Episode 5: Climate Change and Climate Justice: Landscapes for a new world

In this episode of Africa in Conversation we speak to political ecologist and environmental scientist Katrina Lehman-Grube. Climate change events and its destruction is no longer just a B-grade script from a sc-fi television series. It is the reality of life in the 21st century – ask the communities of Kwa Zulu Natal and the Western Cape in South Africa who experienced once in a generation flooding, the thousands of displaced people in Libya, the fire-storm victims in Greece, and the heatwave health crises in Europe this past summer. Climate Change is everywhere – but its effect and destruction is felt very differently depending on where you live, how much you earn and what access you have to mitigating resources.

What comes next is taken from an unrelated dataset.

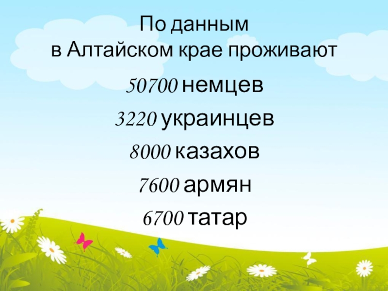 По данным в Алтайском крае проживают50700 немцев3220 украинцев8000 казахов7600 армян6700 татар

We explore the notion of climate change and climate change events in the face of social crises and social inequality.

Guest: Katrina Lehmann-Grube
Presenter and interviewer: Helga Jansen-Daugbjerg

Katrina Lehmann-Grube is a passionate researcher and advocate for environmental and climate justice. She is starting a PhD at the Environmental Humanities South Unit at UCT, studying the intersections of climate change and land injustice in South Africa. She is a Cannon Collins Scholar at the Cannon Collins Trust and an Associate Researcher on the Climate Change and Inequality Project at the Southern Centre for Inequality Studies.